- PROBLEM DETAILS
Write out the listing below in its entirety, minus the pictures, without changing a word.

- INPUT DATA
++++
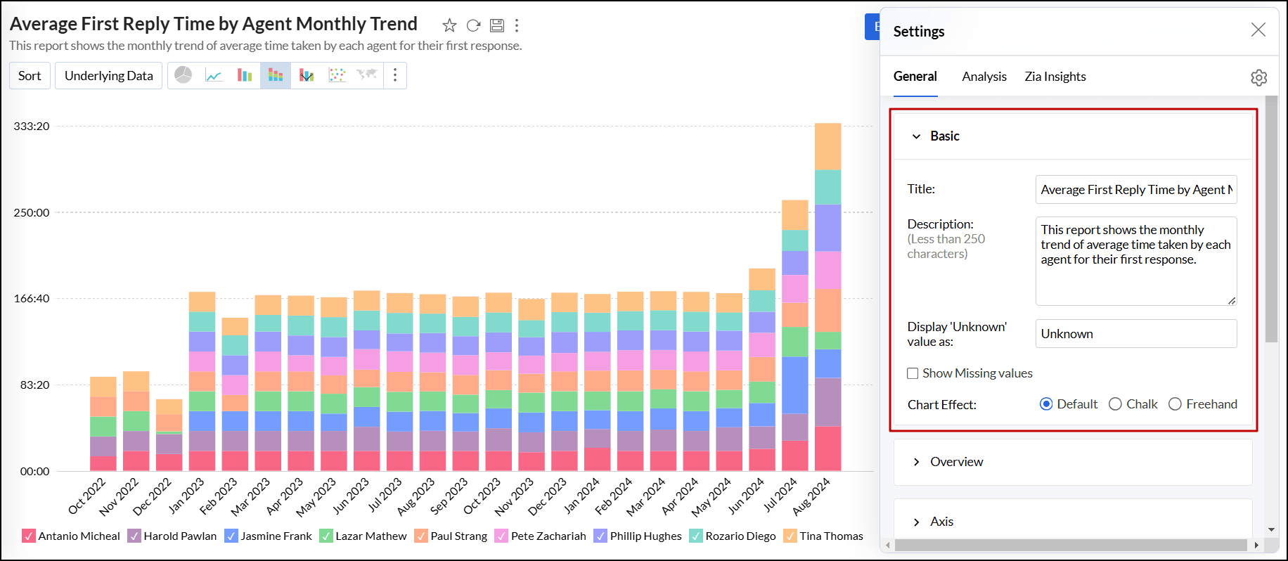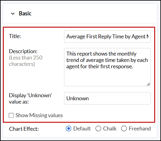 This section lets you customize the elementary details of the report, such as the Title, Description, representing Missing values, and other chart-specific options.
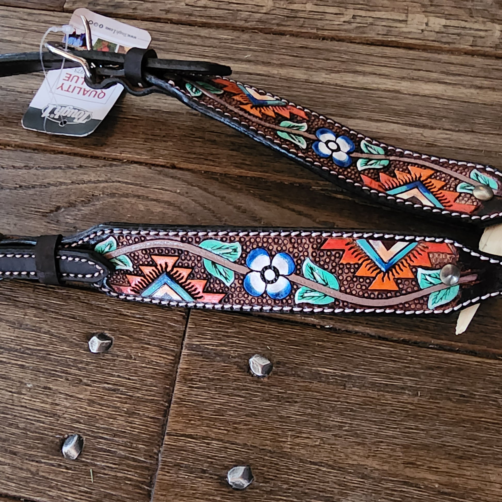 This colorful and vibrant tooled pattern reminds me of Alaskan sunsets and forget-me-nots. It's my favorite from this brand! Sold separately or as a set.
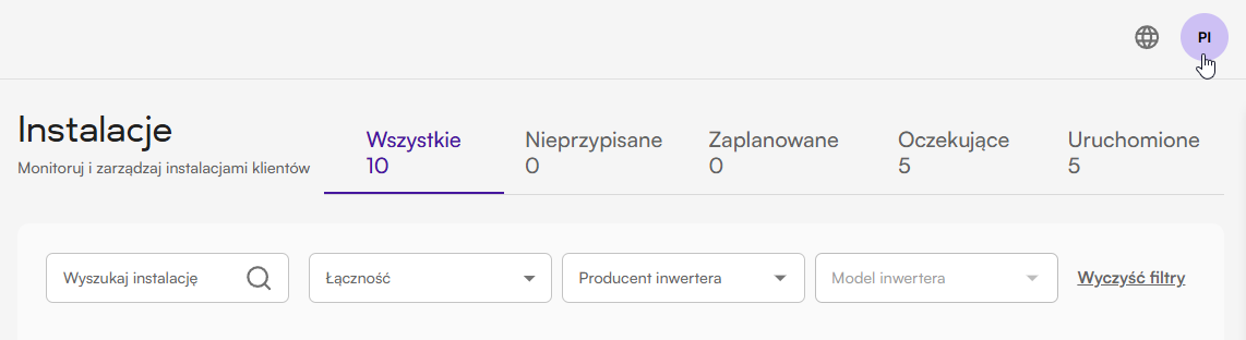 Gdzie znajdę listę wszystkich przypisanych instalacji do mojego konta? Listę znajdziesz po kliknięciu w menu opcji „Instalacje”. Panel pokaże wszystkie instalacje przypisane do Twojego konta. Na tym ekranie możesz filtrować instalacje po statusie, nazwie, łączności modemu oraz inwerterze.
++++
- SOLVED EXERCISE
 This section lets you customize the elementary details of the report, such as the Title, Description, representing Missing values, and other chart-specific options.
 This colorful and vibrant tooled pattern reminds me of Alaskan sunsets and forget-me-nots. It's my favorite from this brand! Sold separately or as a set.
 Gdzie znajdę listę wszystkich przypisanych instalacji do mojego konta? Listę znajdziesz po kliknięciu w menu opcji „Instalacje”. Panel pokaże wszystkie instalacje przypisane do Twojego konta. Na tym ekranie możesz filtrować instalacje po statusie, nazwie, łączności modemu oraz inwerterze.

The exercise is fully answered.